Muchos creen que el sesgo contra las mujeres persiste en el mundo de los negocios, especialmente cuando se trata de evaluar su capacidad de liderazgo. Recientemente, tuvimos la oportunidad de ver si esa suposición era cierta. En un estudio de miles de evaluaciones de 360 grados recopiladas por el programa de educación ejecutiva de Insead durante los últimos cinco años, analizamos si las mujeres recibían calificaciones más bajas que los hombres. Para nuestra sorpresa, encontramos lo contrario: como grupo, las mujeres ecopaban a los hombres en la mayoría de las dimensiones de liderazgo medidas. Sin embargo, hubo una excepción, y fue una gran: las mujeres obtuvieron una puntuación más baja en «visión»: la capacidad de reconocer nuevas oportunidades y tendencias en el entorno y desarrollar una nueva dirección estratégica para una empresa.

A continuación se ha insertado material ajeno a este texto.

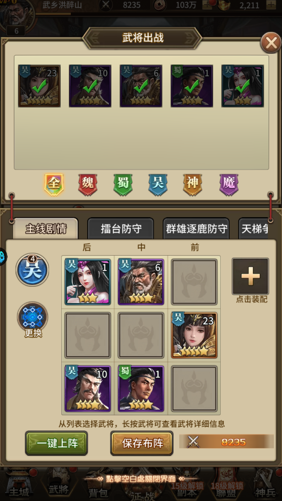 5、点击布阵,可自定义配置不同玩法阵容;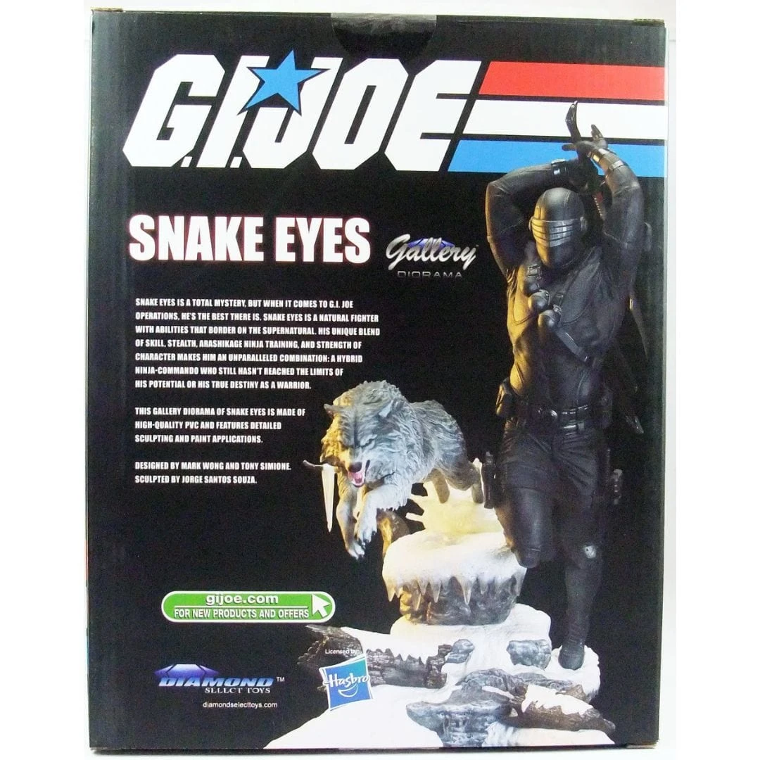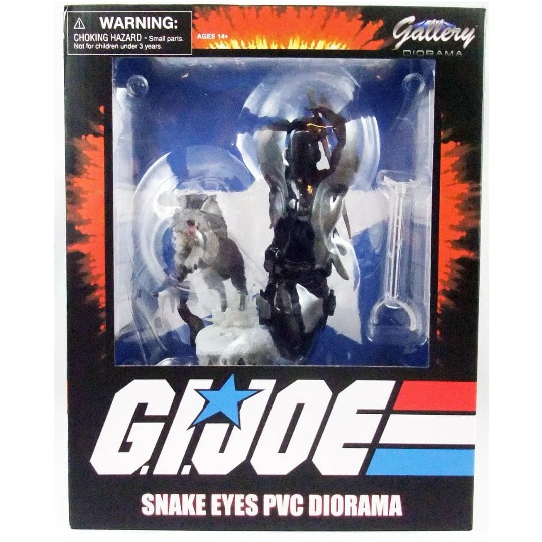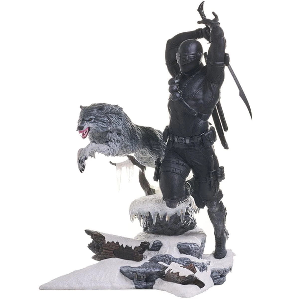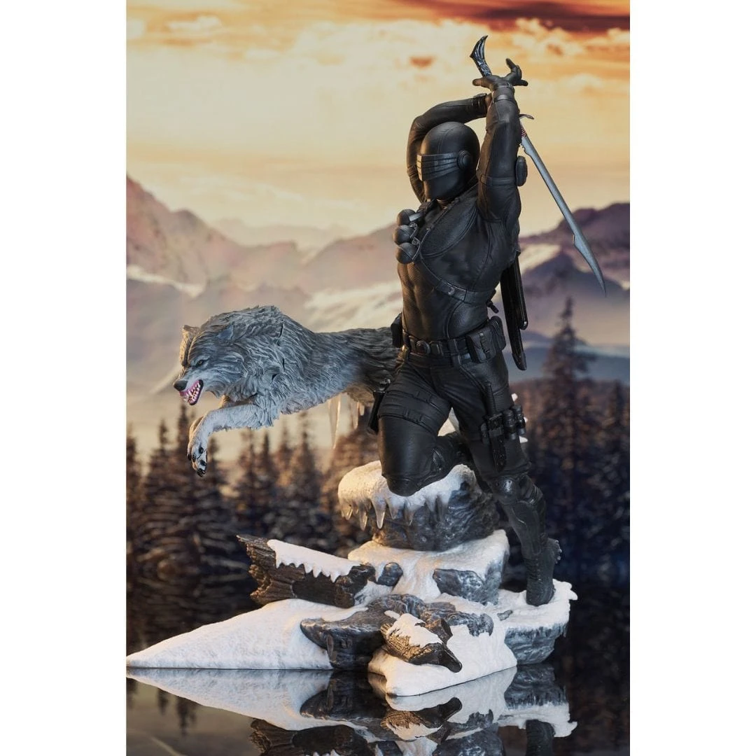 G.I. Joe’s silent ninja, Snake Eyes, leaps from a snowy ledge in this all-new PVC diorama from Diamond Select Toys! Flanked by his wolf companion Timber, Snake Eyes wields his trademark sword as he launches his sneak attack. Measuring approximately 11″ tall, this diorama features detailed sculpting and paint applications, and comes packaged in a full-color window box.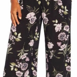 Three Dots Wide-Leg Pant Gorgeous Romantic Flora Purple Black & White Pattern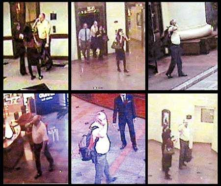 | Đối tượng Vasilescu Serban Dan sau khi đem tiền của bị hại đi khỏi khách sạn (áo phông trắng, quần bò đeo ba lô), ảnh chụp qua camera an ninh. |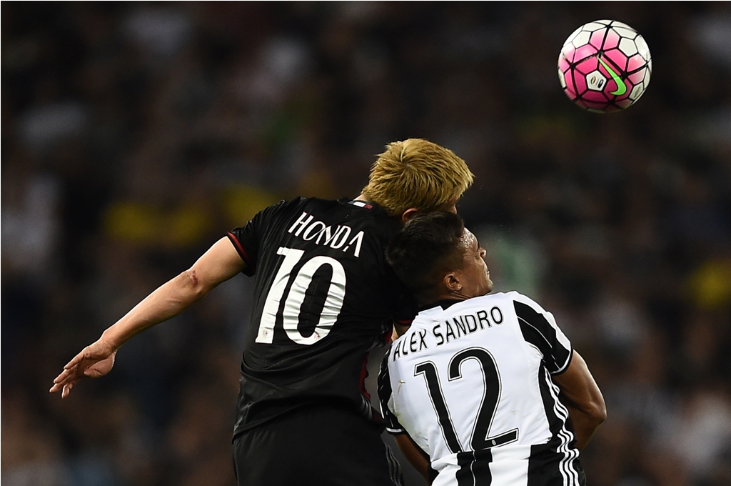 Honda mencoba melakukan tembakan spekulasi ke gawang Juventus jelang turun minum. Namun tembakannya masih belum menemui target dan menutup babak pertama dengan skor 0-0.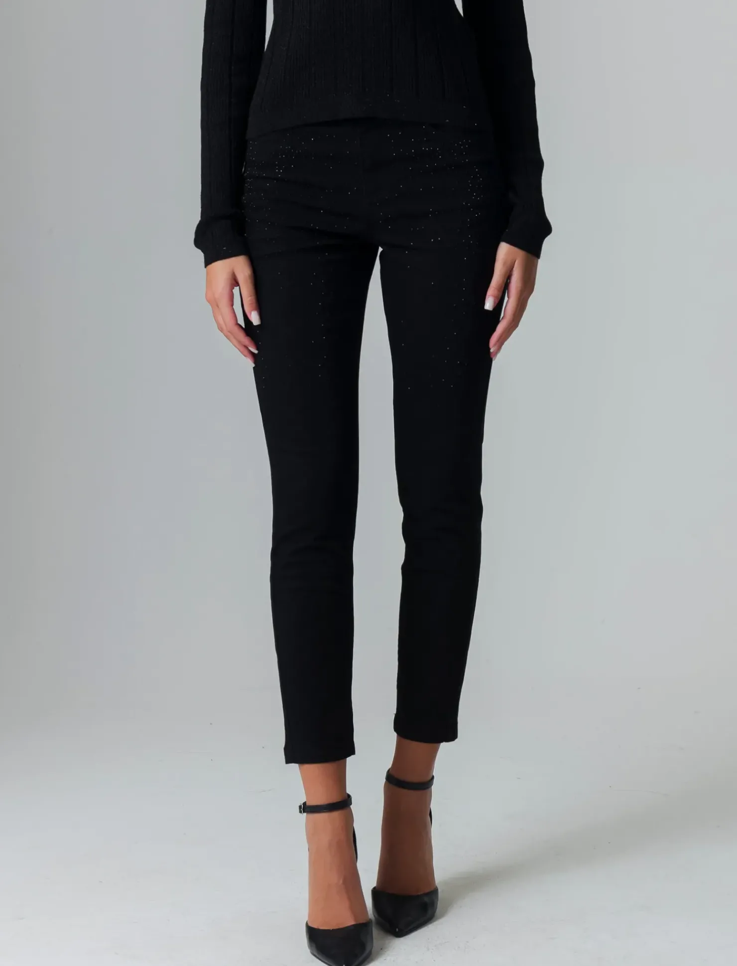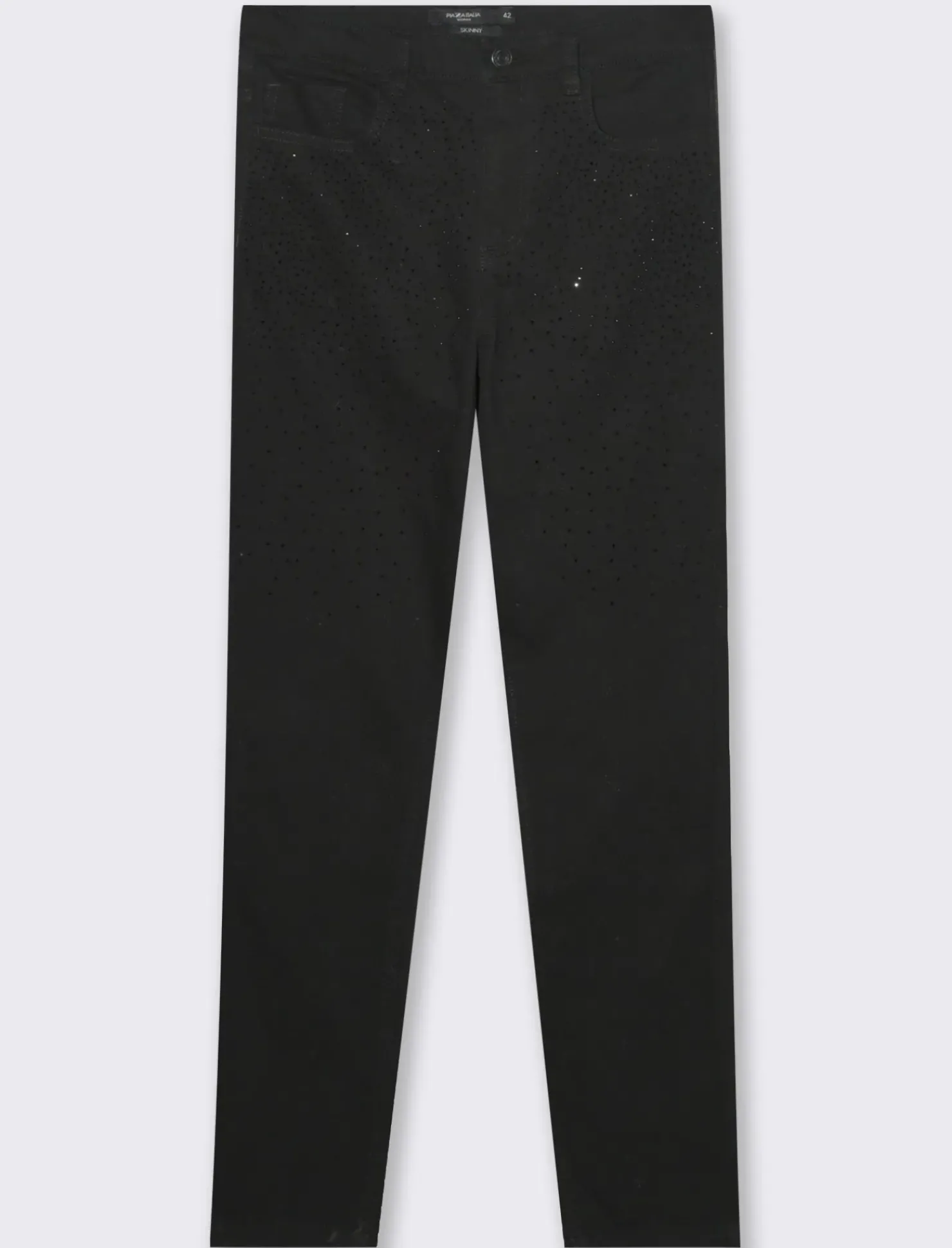 I jeans skinny 5 tasche per donna sono un capo essenziale per ogni guardaroba. Realizzati con un taglio aderente, valorizzano la silhouette, offrendo comfort e stile. La chiusura con bottoni e cerniera in metallo garantisce praticità, mentre l’applicazione di strass in vetro sul davanti aggiunge un tocco di eleganza e originalità. Perfetti per un look casual o per occasioni speciali, questi jeans si abbinano facilmente a diverse scarpe e top, rendendoli versatili e chic. Il prodotto è di colore Nero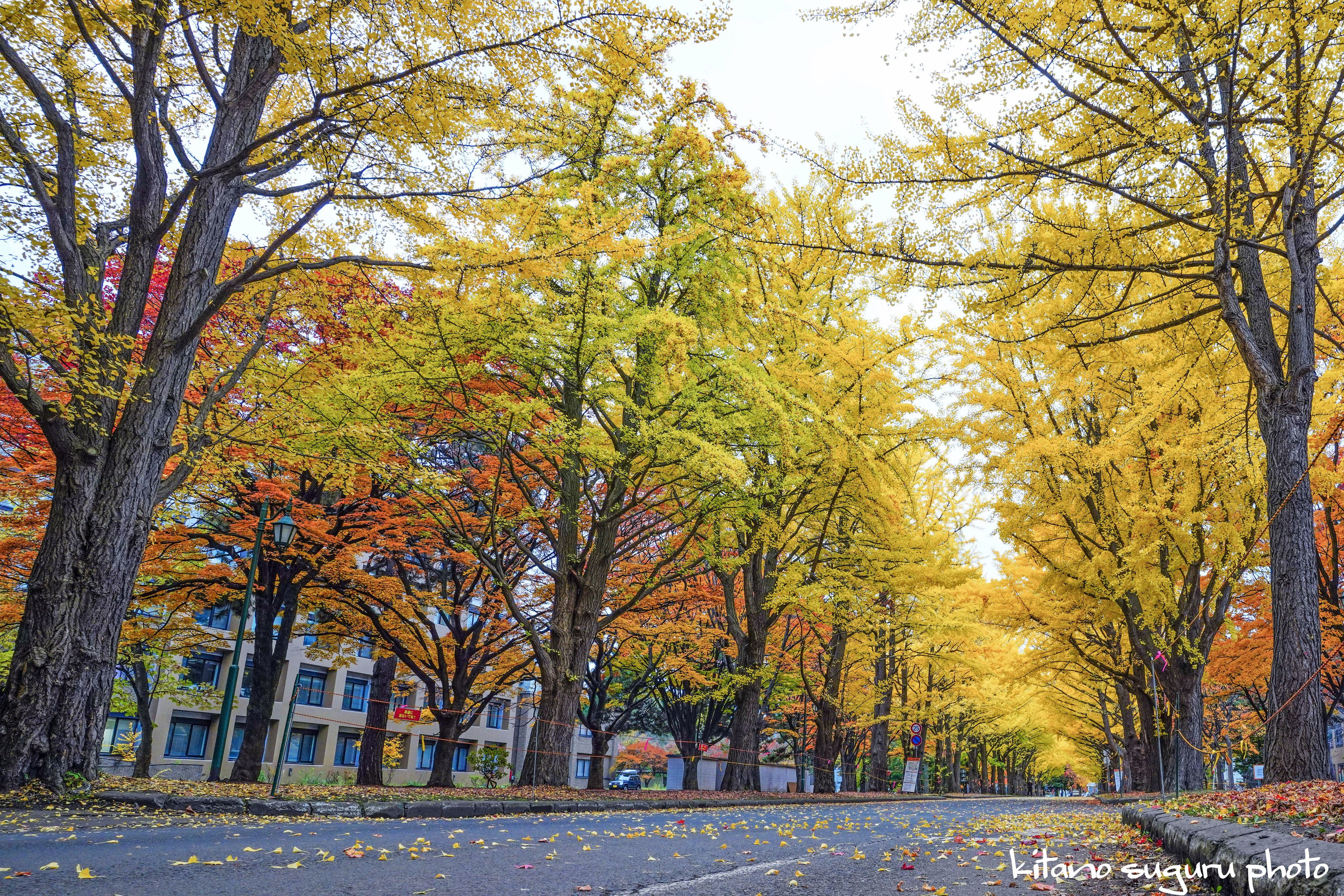 今年は北大銀杏並木道はコロナの影響で普通時間帯は通行制限が掛かるので、 朝早く行って来ました。 時期的には丁度良かったですね。 ついでに北大構内の紅葉時期なので撮って来ました。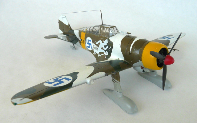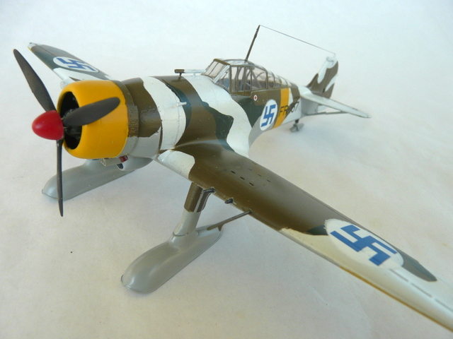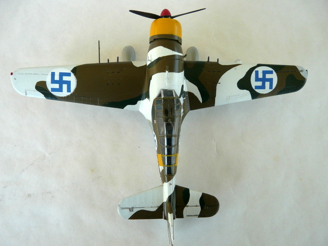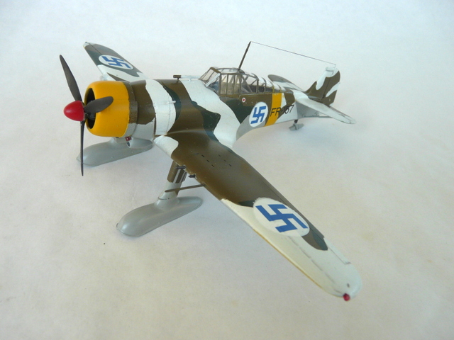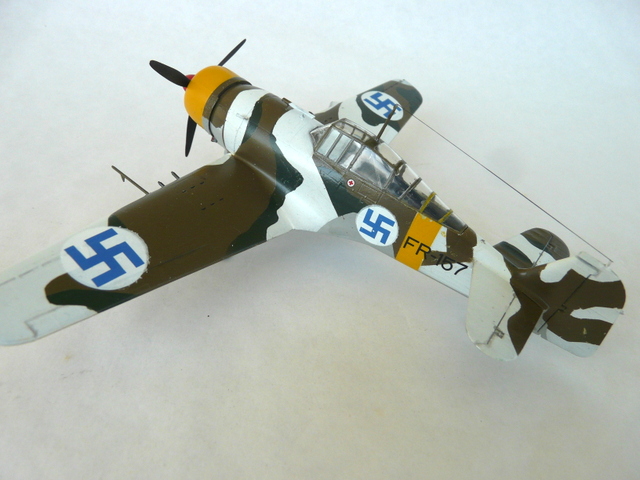 En faisant cet avion, je me suis intéressé à son histoire et à l’histoire de ces croix gammées bleues. Et bien figurez-vous que tout cela n’a rien d’allemand. Elle a vu le jour, dans l’armée de l’air Finlandaise en 1918. C’était un symbole de chance et l’emblème personnel du comte suédois Eric Von Rosen, ( source WIKIPEDIA). C’est en 45 que pour éviter toute confusion avec la staviska nazie, que la croix bleue fut remplacée par la cocarde ronde, blanche et bleue. En même temps, jetez un coup d’œil sur l’histoire de ce pays pendant la seconde GM, en lutte principalement contre les Russes !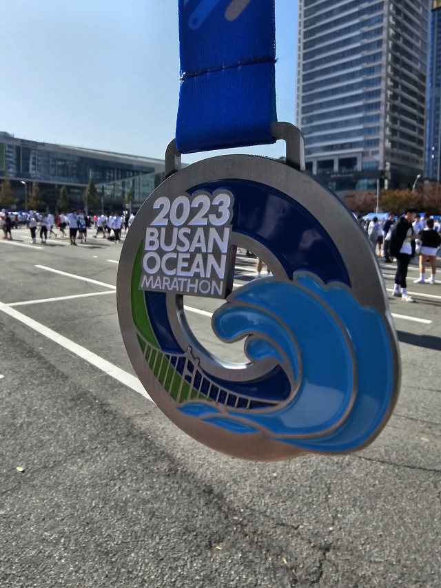 부산바다마라톤에 나선 참가자들은 출발점과 레이스 코스 곳곳에서 인증 사진을 찍으며 2023년 가을의 추억을 남겼다. 참가자들은 벡스코 광장 한가운데 마련된 기록 포토존에서 자신의 기록과 함께 추억을 간직했다. 참가자들은 올해 광안대교와 파란 물결을 형상화한 2023 부산바다마라톤 완주 인증 메달을 목에 걸고 삼삼오오 모여 인증샷을 남겼다.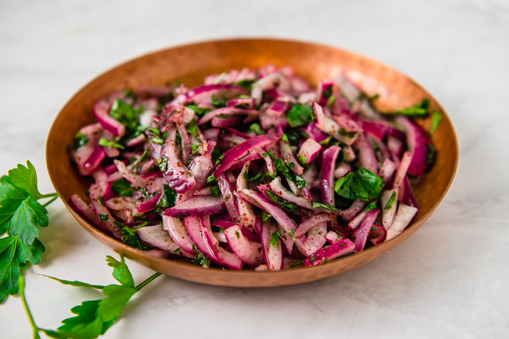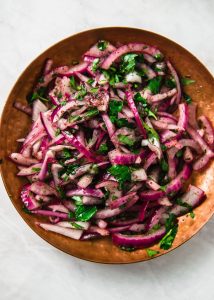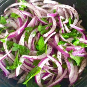 2. Sprinkle sumac, salt and red pepper flakes over onions. Gently massage them with your hand.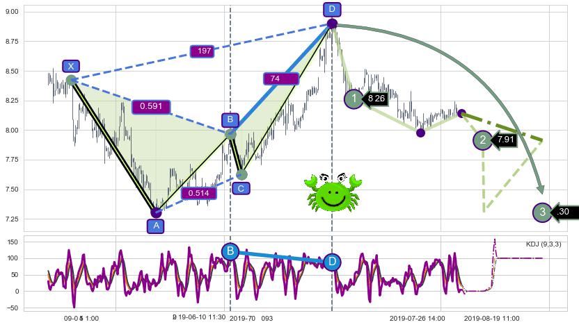 ➣ 已完成【螃蟹】形态起点X: 05-03:15, 终点D: 07-04:09, 共242交易小时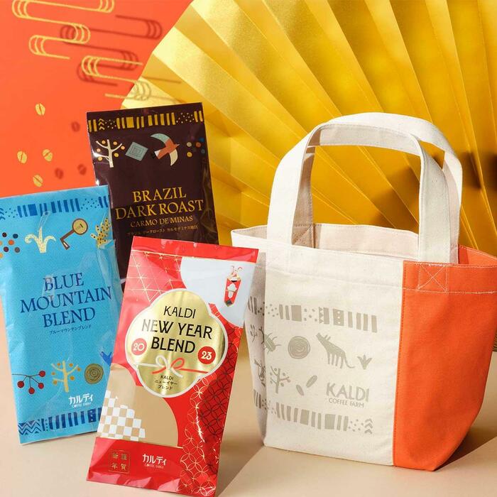コーヒー福袋3種は、2023年の初売りからの販売となります。新年を彩る華やかな香りの「KALDI ニューイヤーブレンド」と、香りと甘み、苦みと酸味が織りなすバランスが秀逸な「ブルーマウンテンブレンド」、しっかりとした苦みとダークチョコレートの甘い余韻を引き出した「ブラジル ダークロースト カルモデミナス地区」の3種のコーヒーが入った福袋です。
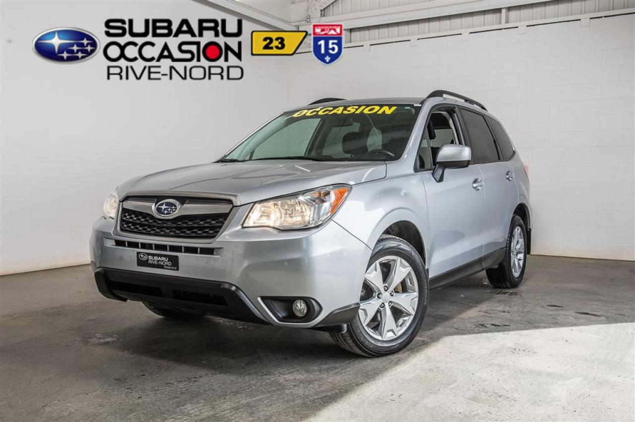 Une seule propriétaire! INSPECTÉ EN 152 POINTS par des techniciens Subaru. Programme « Véhicules dOccasion Certifiés » disponible. Conditions en succursale.One owner! 152-POINTS INSPECTION from factory-trained Subaru technicians. « Subaru Certified Pre-Owned Vehicles Program » available. Conditions in store.2015 Subaru Forester Convenience. Automatique, Bluetooth, Caméra de recul, Intérieur en tissus, Toit ouvrant, Jantes en alliage, Phares antibrouillards, Sièges chauffants, Air climatisé, Régulateur de vitesse, Groupe électrique, Lecteur CD/MP3/AUX/USB/Sirius/XM, Anti-patinage, Bien équipé et propre! Kilométrage vérifié. Balance de garantie valide jusquau 10 février 2020 ou 100 000 km. Garantie supplémentaire disponible. Mécanique et esthétique WOW! Conditions en succursale!2015 Subaru Forester Convenience. Automatic, Bluetooth, Back-up camera, Fabric interior, Sunroof, Alloy wheels, Fog lights, Heated seats, Air conditioning, Cruise Control, PowerGroup, CD/MP3/AUX/USB/Sirius/XM, Traction control, Well equiped and clean! Verified mileage. Warranty valid until February 10th, 2020 or 100 000km. Additional warranty available. Mechanically and aesthetically WOW! Conditions in store!LE PLUS GROS INVENTAIRE DE SUBARU DOCCASION AU CANADA!! NOS HAUTS STANDARDS DE QUALITÉ, LE PLUS GRAND CHOIX AU PAYS, LE MEILLEUR RAPPORT QUALITÉ/PRIX ET UNE APPROCHE SANS PRESSION FONT DE SUBARU RIVE-NORD UNE VALEUR SÛRE POUR L'ACHAT DE VOTRE PROCHAIN VÉHICULE D'OCCASION.THE BIGGEST PRE-OWNED SUBARU INVENTORY IN CANADA!!OUR HIGH QUALITY STANDARDS, THE BIGGEST INVENTORY TO CHOOSE FROM IN THE COUNTRY, THE BEST QUALITY/PRICE, AND OUR NO PRESSURE APPROACH, MAKES SUBARU RIVE-NORD A SURE BET FOR THE PURCHASE OF YOUR NEXT PRE-OWNED VEHICLE.Pourquoi acheter tout autre modèle quand on peut profiter de la fiabilité et de l'incroyable traction intégrale (AWD 4x4) d'un Subaru Forester!!! WWW.SUBARURIVENORD.COMWhy buy another model when you can enjoy the incredible reliability and incredible AWD of a Subaru Forester!!! WWW.SUBARURIVENORD.COM

Pero, ¿era esta debilidad una percepción o una realidad? ¿Cuánto importaba la capacidad de las mujeres para liderar? ¿Y cómo podría alguien no percibido como visionario adquirir las capacidades adecuadas? Mientras explorábamos estos temas con ejecutivas exitosas, llegamos a otra pregunta: ¿era una reputación de visión algo que muchas de ellas querían lograr?

Una carrera brillante

Una CEO de una empresa de servicios líder a la que llamaremos Anne Dumas tipificó en muchos sentidos a las mujeres con las que hablamos. El pilar de su estilo de liderazgo fue un principio que le enseñó hace 20 años su primer jefe: Manténgase siempre cerca de los detalles. Como lo explicó: «Creo que la estrategia surge naturalmente de conocer tu negocio y las fuerzas que influyen en tu mercado, clientes y proveedores, no a un nivel alto sino a un nivel detallado. Los intermediarios matan tu perspicacia. Obviamente, no puedes monitorearlo todo, pero nada debería impiderte conocer en detalle los procesos en los que se ejecuta tu empresa, no supervisarlo todo sino comprender en detalle lo que está sucediendo. De lo contrario, serás rehén de gente que jugará política. En el mejor de los casos, no tienes información completa; en el peor de los casos eres vulnerable a agendas ocultas. Mi trabajo es ir al nivel de detalle relevante».

En sus cuatro años como CEO, Dumas había logrado unos resultados impresionantes. Había duplicado los ingresos y los márgenes operativos, le había dado a la empresa una nueva dirección estratégica y había emprendido una reorganización fundamental de los procesos y estructuras centrales de la compañía. Más recientemente, había centrado su atención en el desarrollo de su equipo de liderazgo.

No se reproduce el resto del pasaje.